01/06/2022

Erva-negra

Bupleurum semicompositum L.


Viajar para encontrar o mesmo é a sina de todos nós na era da globalização: as mesmas vozes nos altifalantes dos aeroportos, as mesmas cadeias de restaurantes e cafetarias, os mesmos supermercados com iguais produtos nas prateleiras, o mesmo mar desenrolando as ondas em areais onde preguiçam banhistas indiferenciados, as mesmas palmeiras namorando um pôr-do-sol de postal ilustrado em idênticas esplanadas à beira-mar. E até as plantas, se não nos esforçarmos por romper a barreira da mesmice, se repetem com imperturbável desprezo pelas variações de latitude e longitude. Há plantas que são invasoras globais (como a Lantana camara), outras que se fizeram cosmopolitas pela predilecção que têm por lugares humanizados (como o rícino [Ricinus communis], a beldroega [Portulaca oleracea] e a erva-azeda [Oxalis corniculata]), e outras ainda que, tidas como bonitas e fáceis de propagar, são usadas por jardineiros indolentes em todos os cantos do mundo (como as hortênsias, os agapantos e as estrelícias). A uma quarta categoria, mais simpática, pertencem aquelas plantas que lograram alcançar ampla distribuição sem a nossa ajuda. Uma das campeãs indiscutíveis é a avenca [Adiantum capillus-veneris], nativa de climas temperados, subtropicais ou tropicais em todos os continentes habitados.

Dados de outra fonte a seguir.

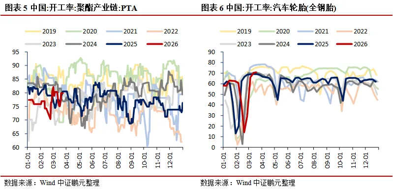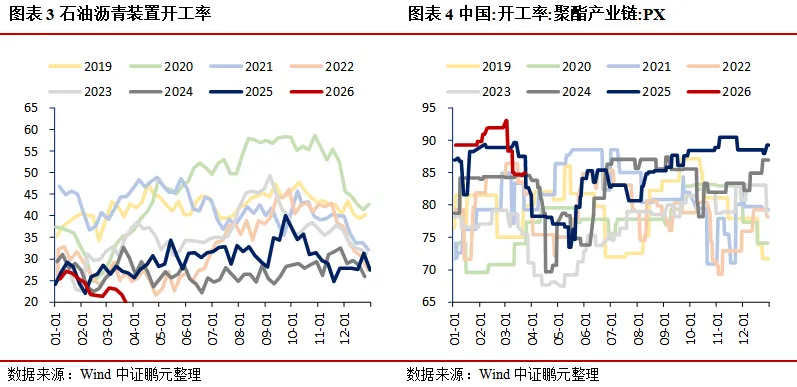 生产:工业生产分化,石油沥青装置开工率为19.30%,环比下降2.50个百分点;聚酯产业链PX开工率为84.98%,环比上升0.27个百分点;PTA开工率为79.90%,环比上升4.82个百分点。

O género Bupleurum — que é atípico dentro da família das umbelíferas pelas suas folhas simples, lanceoladas — não tem grande vocação para cosmopolitismos: integra centena e meia de espécies, quase todas no hemisfério norte (com uma excepção), a maioria na Ásia ou nos países mediterrânicos (Europa e norte de África), e muitas delas endémicas de áreas restritas. Até em Portugal tivemos direito a um Bupleurum endémico: vive na serra do Cercal, e aguarda há vinte anos a validação de «estudos recentes» que o dão como exclusivo dessa faixa do sudoeste alentejano. O porte destas plantas é extremamente variado: há espécies arbustivas — como o B. fruticosum em Portugal continental, e o B. salicifolium na Madeira e nas Canárias —, há herbáceas perenes de aspecto robusto, e há ervas anuais pequenas ou minúsculas. O Bupleurum semicompositum, que fotografámos em Fuerteventura, é uma planta anual rasteira e pouco conspícua; mas, como costuma frequentar zonas de vegetação rala, não é difícil de detectar. O que a notabiliza é fazer o pleno da bacia mediterrânica, incluindo o sul de Portugal, e, além disso, ainda surgir em seis das ilhas Canárias — onde, até hoje, só não foi observada em La Palma.

Talvez a facilidade de deslocação de que o Bupleurum semicompositum deu provas se deva às dimensões microscópicas das suas sementes: cada fruto não tem mais que 1,5 mm de diâmetro, e as flores, que se reúnem em grupos de seis a nove e têm pétalas amarelas ou esverdeadas, ficam-se por igual tamanho. Ainda assim, com o seu hábito prostrado e muito ramificado, a planta pode exceder os 30 cm de comprimento, resgatando-se desse modo da invisibilidade que aflige, por exemplo, o B. tenuissimum. Folhas e caules são glabros, de cor glauca, de modo nenhum enegrecidos. Por que misteriosa razão se chamará ela hierba negrilla nas Canárias?

1 comentário :

bettips disse...

O primeiro texto corrido deste v/post é exactamente o que penso e vejo. Em duas décadas, é notório, nos CC., nas ruas chiques.
A diversidade verga-se aos grandes impérios, da política e do "money money". Ontem estive a ler sobre os murais de Júlio Pomar no Batalha, fiquei siderada... Felizmente a serem recuperados.
E hoje li sobre o Hotel Infante Sagres, a "companhia" de fantasmas sem rosto??? que acabou por o comprar. Tantos milhões a ser ditos que já não aprendi Matemática suficiente para lhes saber os zeros.